WORKING PAPERS
I develop and estimate a model of endogenous teacher effectiveness, where both teachers and students exert effort to produce knowledge. I use rich data to estimate the model and recover flexible distributions of students' endowments, teachers' general teaching skills, and teachers’ marginal effort costs. In counterfactual analyses, I quantify the achievement gains from various teacher-to-classroom reassignment interventions. I find that these interventions can improve average student achievement and that ignoring endogenous effort adjustments can distort the distribution of gains. Additionally, I find that standard value-added specifications nested within the model have limitations in identifying effective teachers for low-performing classrooms.
Do poor mental and physical health scar early-career labor market trajectories? Using longitudinal data from HILDA and exploiting adverse life events as plausibly exogenous health shocks, we document strong short-run deterioration in mental health following these events. Motivated by this evidence, we estimate a dynamic discrete choice model that jointly characterizes the evolution of mental and physical health and their two-way interactions with schooling and early-career labor market decisions. Poor mental health substantially lowers full-time employment, raises nonemployment, and generates persistent scarring that depresses earnings. Counterfactuals show that early-life mental health shocks are a major source of long-run inequality, with transitory shocks producing enduring scarring.

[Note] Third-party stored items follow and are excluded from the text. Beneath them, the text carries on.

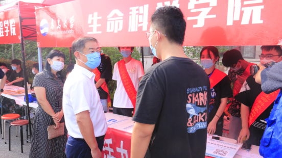 胡金焱逐一走訪師范學院、質量與標準化學院、馬克思主義學院、體育學院、音樂學院和志愿服務等迎新點,并與現場師生親切交流。胡金焱在交流中寄語師范專業新生,其所承擔的教書育人工作是崇高美好的,應擔當時代之大任;寄語標準化專業新生:“標準”是國際話語權,為“中國標準”的制定貢獻自己的力量;勉勵體育專業新生要做文武雙全的時代模范,音樂專業新生要立志為母校留下深厚的文化印記。
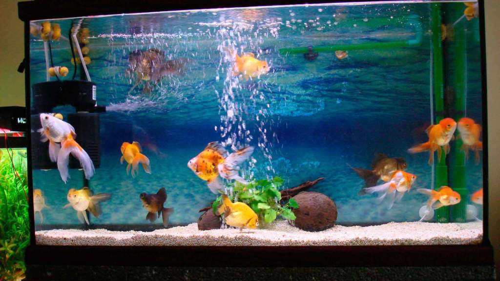 Все золотые рыбки имеют крупные размеры тела, а также любят плавать небольшими группами, стаями. Исходя из этих фактов, и стоит подбирать подходящий вместительный аквариум.
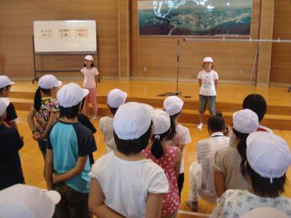 入所式の後、みんなで「避難訓練」をしました。
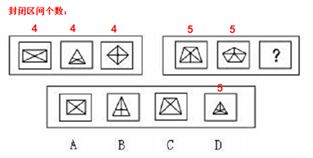 这道题属于数量类,主要考察图形的封闭区域个数。左边图形分隔成4部分 右边则分成5部分(此解析由七月提供)">
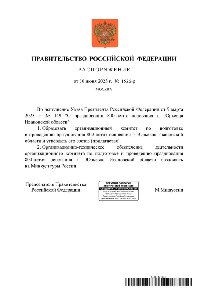Автор: Александр Элькинд Глава кабмина Михаил Мишустин 10 июня 2023 года подписал распоряжение Правительства РФ о создании организационного комитета по подготовке и проведению празднования 800-летия древнейшего города Ивановской области – Юрьевца.
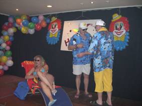 Es roch nach Zirkusluft. Nadine Heckenthaler wollte uns als Ballerina einen Seiltanz vorführen, wobei sie sich starke Männer auf die Bühne holte um das Seil zu spannen. Doch die Kraft der Männer reichte nur aus, um Wäsche aufzuhängen |
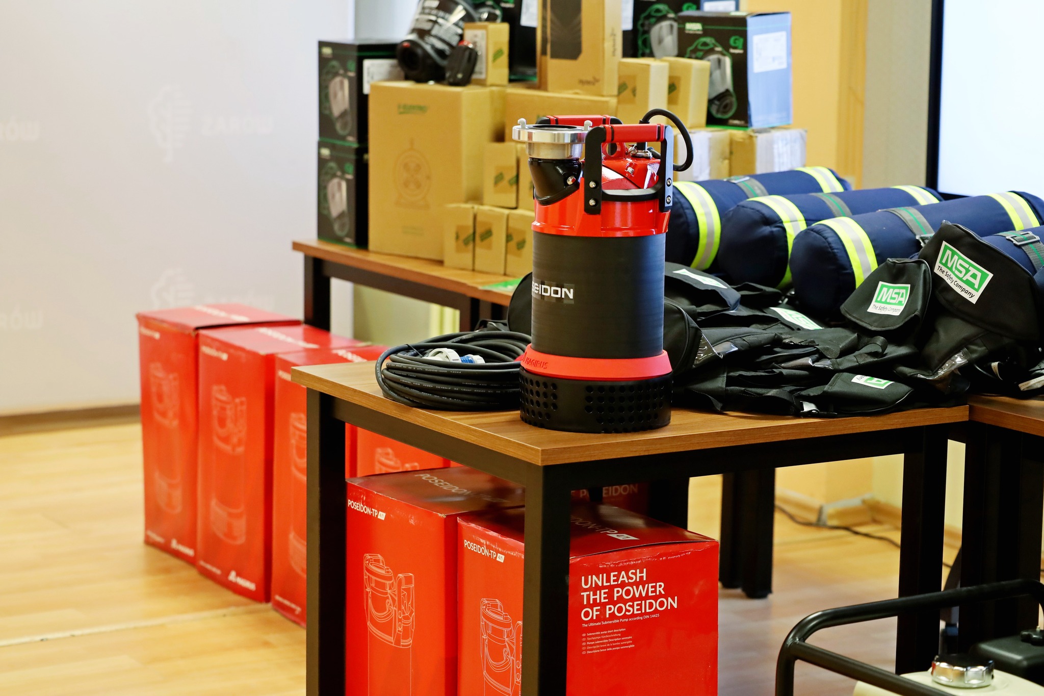 Burmistrz Żarowa Przemysław Sikora przekazał 5 lutego 2026r. m.in. aparaty powietrzne z butlą kompozytową, maską, czujnikiem bezruchu, pokrowcem na butle, pokrowcem na maskę, a także agregaty prądotwórcze, pompy zanurzeniowe z przedłużaczami przenośne radiostacje.
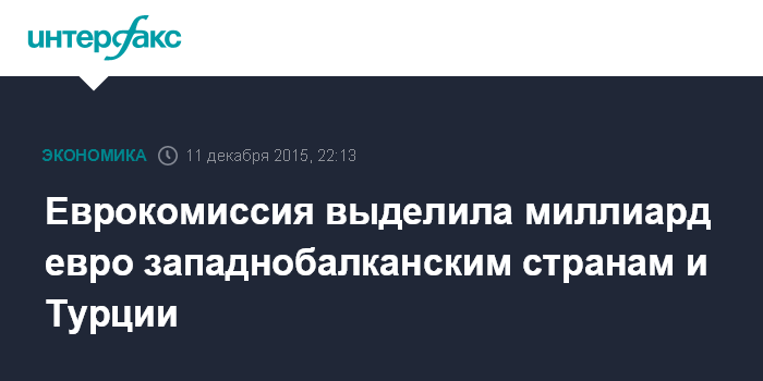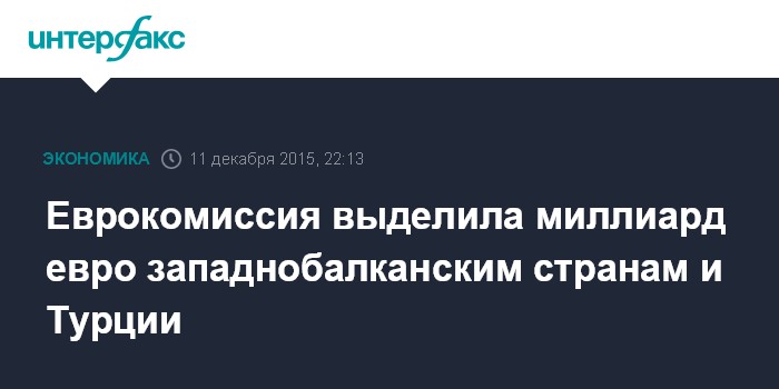 Москва. 11 декабря. INTERFAX.RU - Европейская комиссия выделила около миллиарда евро западнобалканским странам и Турции на выполнение программ подготовки к вступлению в ЕС.
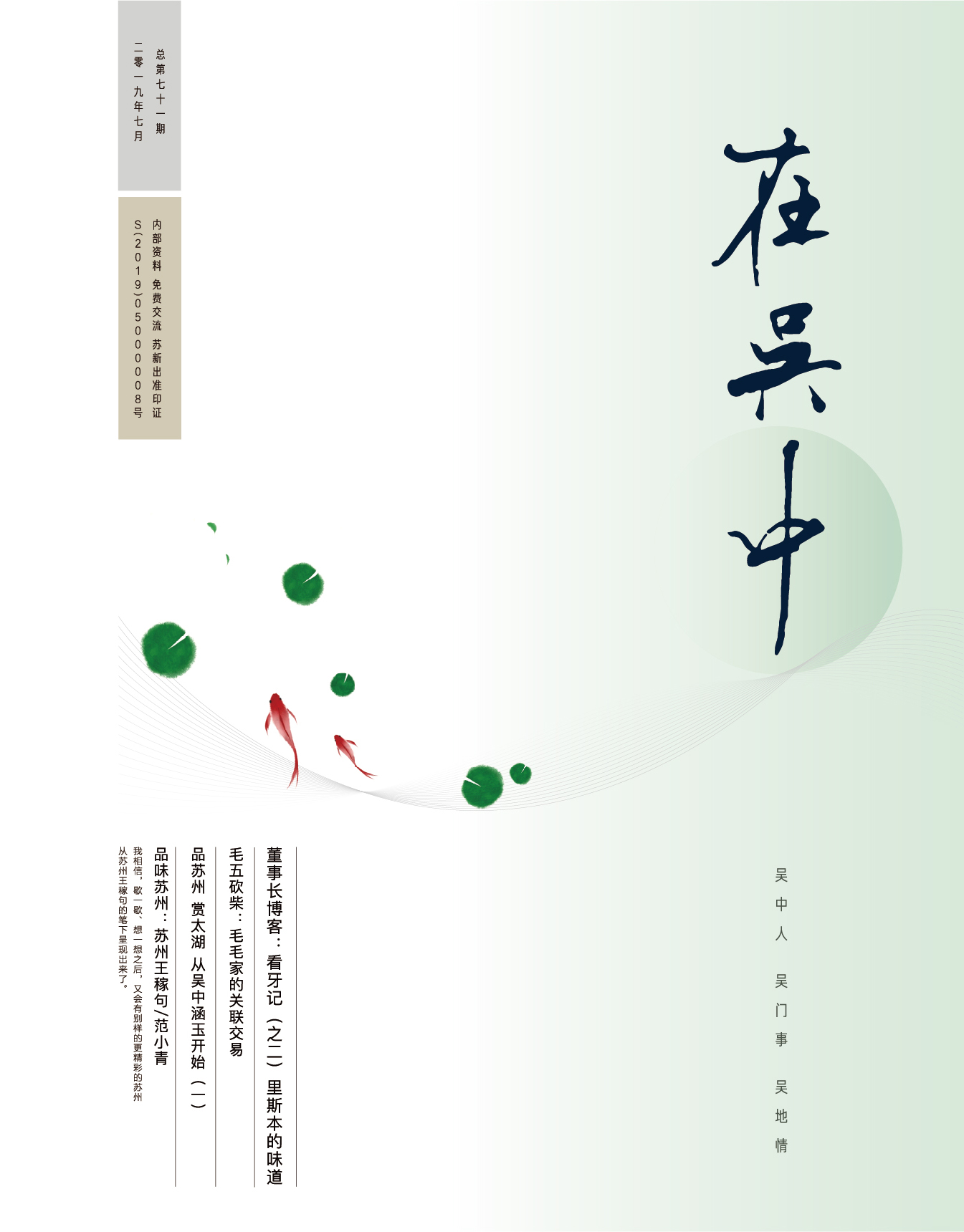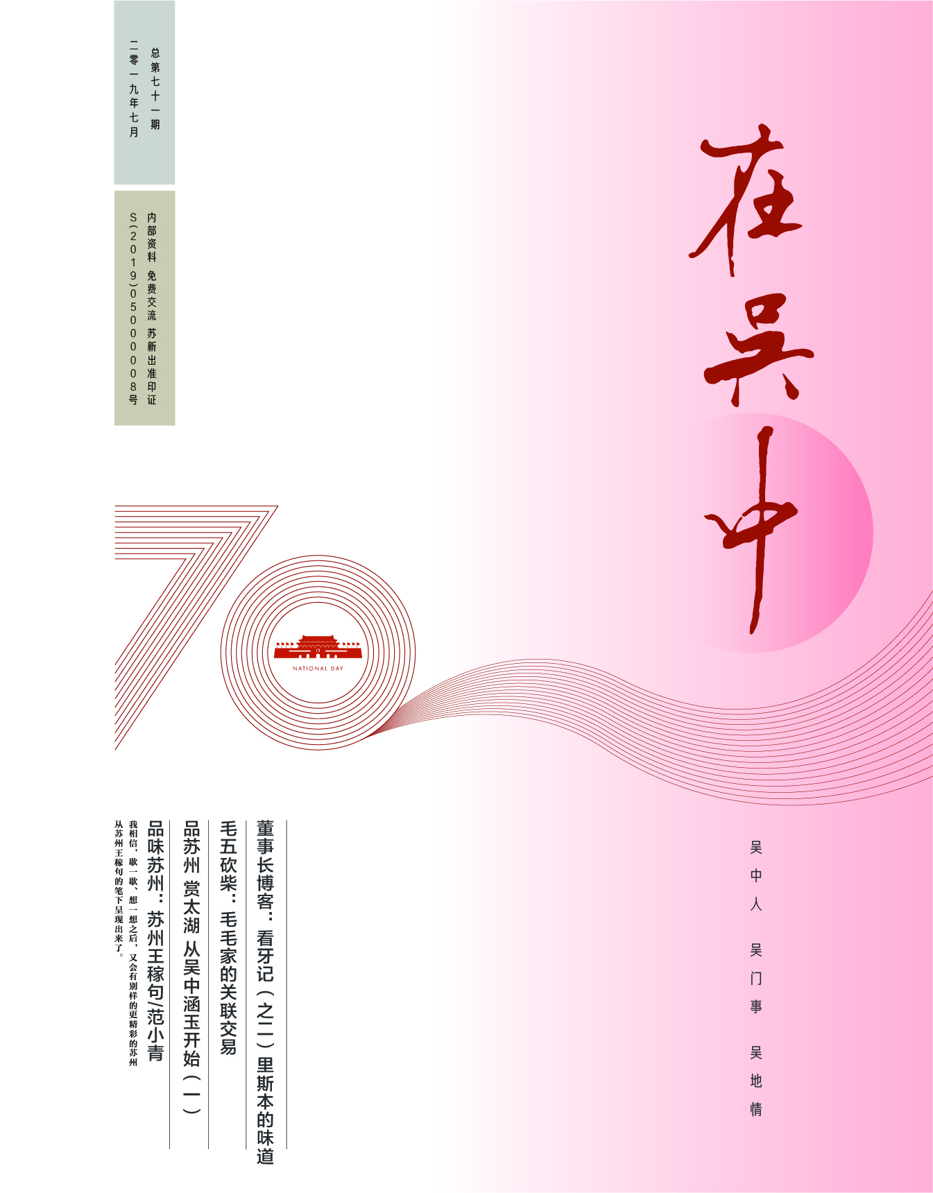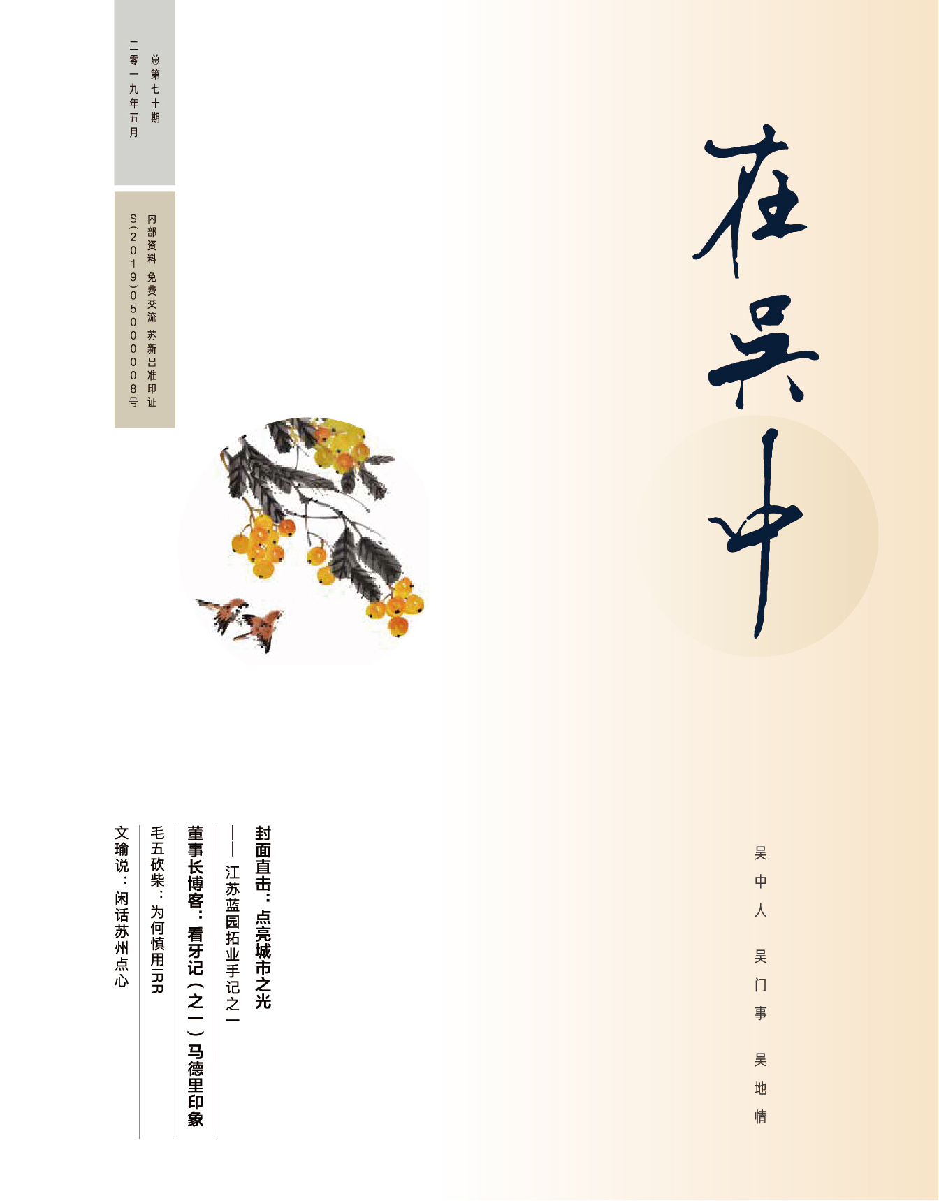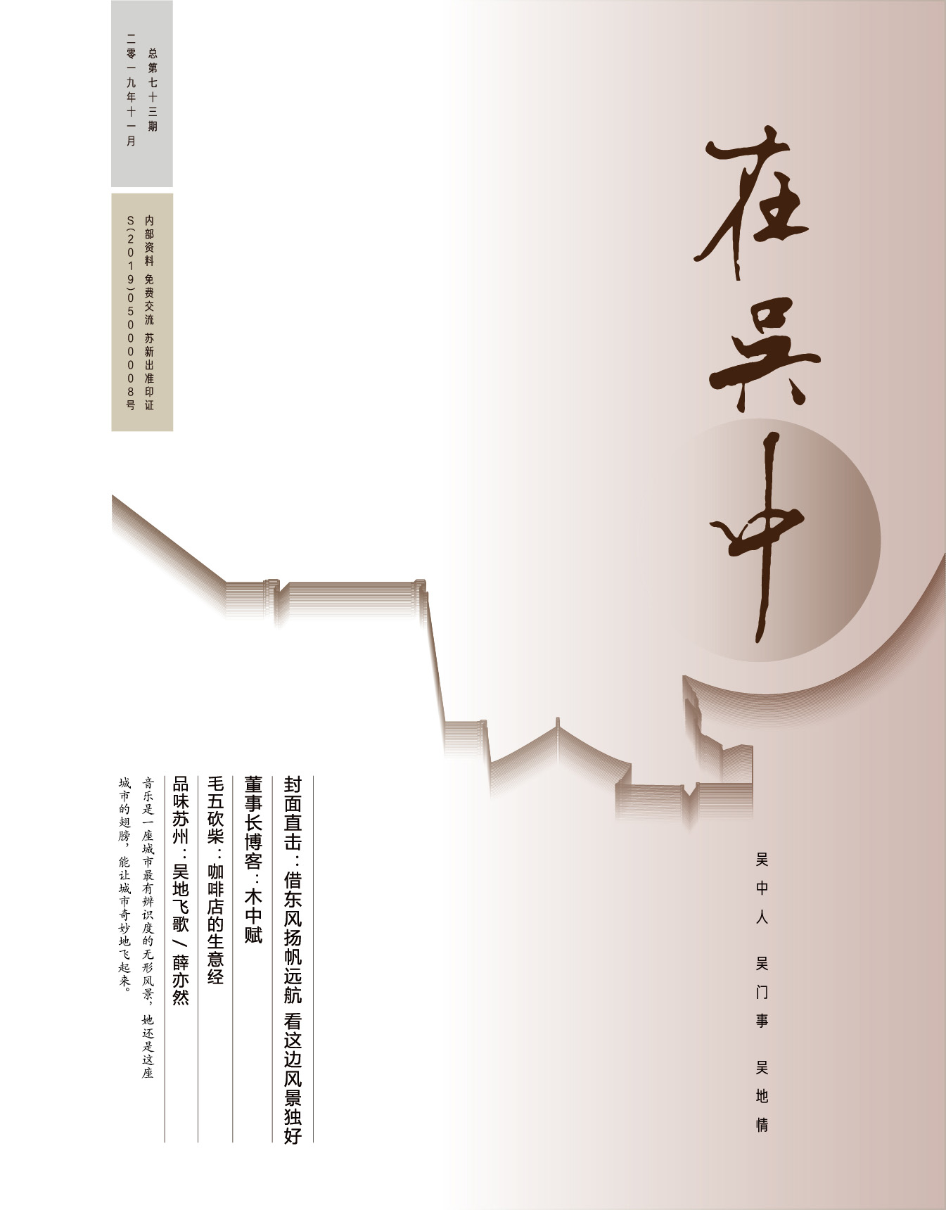 《在吳中》創(chuàng)刊于2005年,蘇州市十佳內(nèi)刊。以述吳中人、記吳中事、傳吳中情為宗旨,堅持記錄吳中集團的發(fā)展,為品牌建設(shè)發(fā)展助力?!对趨侵小穯纹谟∷?500冊,主要用以企業(yè)內(nèi)部交流,其意在傳達的吳中集團的力量、文化和精神。每期《在吳中》都記載著吳中人工作、學(xué)習(xí)、生活的實時動態(tài),所見所聞、所思所想、所作所為,總結(jié)借鑒企業(yè)經(jīng)營管理之道,汲取吳地人文精髓,廣受社會各界的好評和認(rèn)可。

A Dynamic Model of Academic Performance: Grading Schemes and Student Achievement
I develop and estimate a dynamic model of student participation and effort in a course to study how grading weights on problem sets and midterms affect performance over the semester. Using rich data from an introductory economics course in Argentina, I find that shifting weight toward midterms increases participation and achievement among lower-performing students, while the opposite is true for higher-performing students. Offering students a menu of syllabi can substantially improve overall performance. In 2025, students could choose between alternative grading schemes. I use this data for out-of-sample validation and find that the characteristics and performance patterns of these students are consistent with the model implications.
WORK IN PROGRESS
Group or Individual Teacher Bonuses? An Estimation of the Potential Gains
This paper studies how different teacher performance pay schemes would perform if optimally designed. I use publicly available data from a teacher incentive experiment in Andhra Pradesh, India, which included both individual and group piece-rate bonuses. First, I recover production and utility parameters from the control and individual-incentive treatment. I then simulate the group-incentive game to infer the likelihood that teachers play a free-riding outcome versus a cooperative (first-best) outcome. With these estimates, I evaluate counterfactual incentive structures to compare the potential gains from individual- and group-based schemes.